Example 12: Using the BUILD_LINEAR_TIMING shell script to build an autoencoder.

Runtime Results

To facilitate testing, the PCA_TIMING and NLPCA_TIMING shell scripts always create binaries of the same name. It is important to pay attention to what binary is being used and to the output that reports the function being evaluated. The binaries created are:

  • timing.omp: an OpenMP executable that runs on the host processor
  • timing.mic: a native mode Intel Xeon Phi coprocessor executable
  • timing.off: an offload mode executable that will run on both the host and Intel Xeon Phi coprocessor

Running a linear PCA function using the timing code in auto2x10x1x10x2 in offload mode generates the output in Example 13.

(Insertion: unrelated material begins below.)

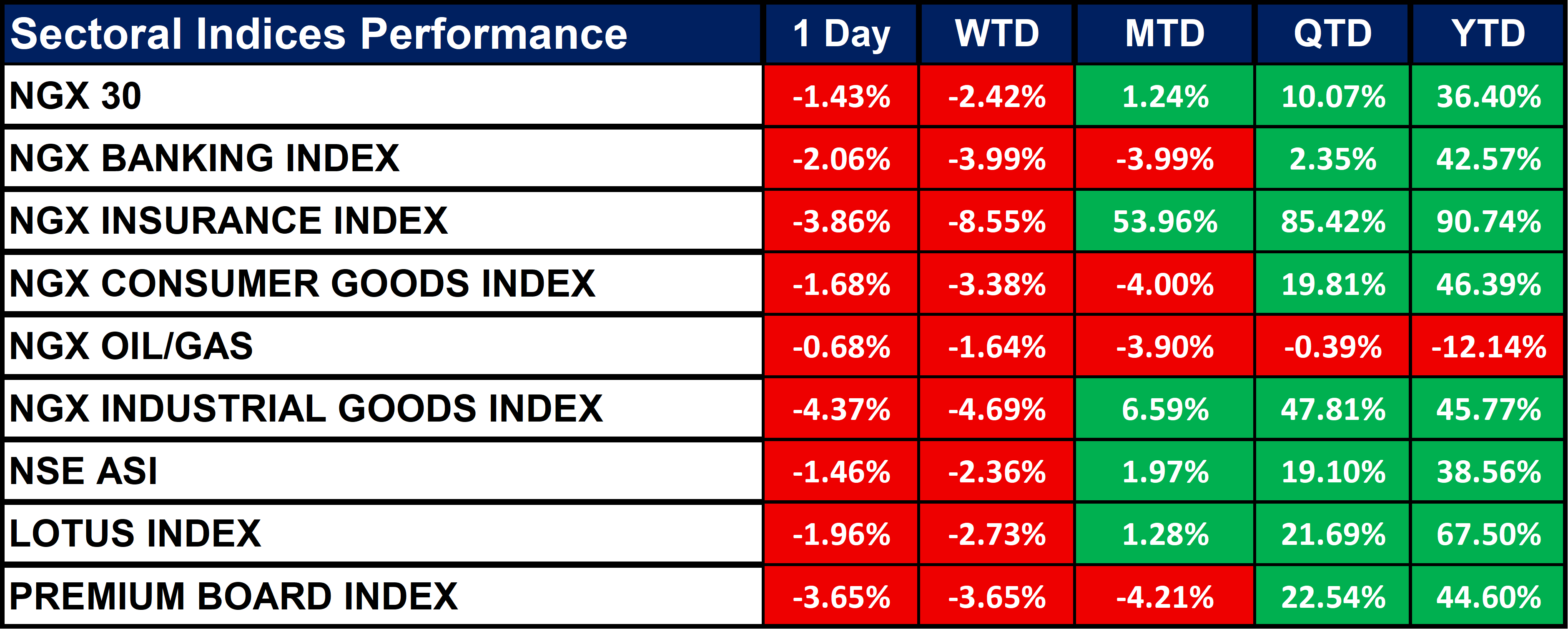 The table below shows that all NGX sector indices declined over the last day and week. However, most show strong gains year-to-date, led by the Insurance (+90.74%) and Industrial Goods (+45.77%) indices. The only sector with a negative YTD performance is Oil/Gas (-12.14%). Despite short-term losses, long-term performance remains positive overall.

$ ./timing.off 10 1000 60000000
TIMING TEST: generated_PCA_func LINEAR()
Runtime 8.41651, aveObjRuntime 0.00841619
number OMP threads 240
DataLoadTime 1.86613
AveObjTime 0.00841619, countObjFunc 1000, totalObjTime 8.41619
Estimated flops in myFunc 128, estimated average GFlop/s 912.527
Estimated maximum GFlop/s 979.096, minimum GFLop/s 319.506
Double check based on overall runtime
maxTime 0.0240381, minTime 0.00784516, aveTime 0.00841639 per call
maxGFLOPS 978.947, minGFLOPS 319.493, aveGFLOPS 912.505 per call

Example 13: Example of output for a linear offload run.

The output tells us that we are running a linear PCA function. In this example, the data transfer to the Phi coprocessor achieved 257 MB/second. This timing information should be reliable as the average runtime is consistent between both overall and perCall measurement methods. The Phi coprocessor utilized 240 threads.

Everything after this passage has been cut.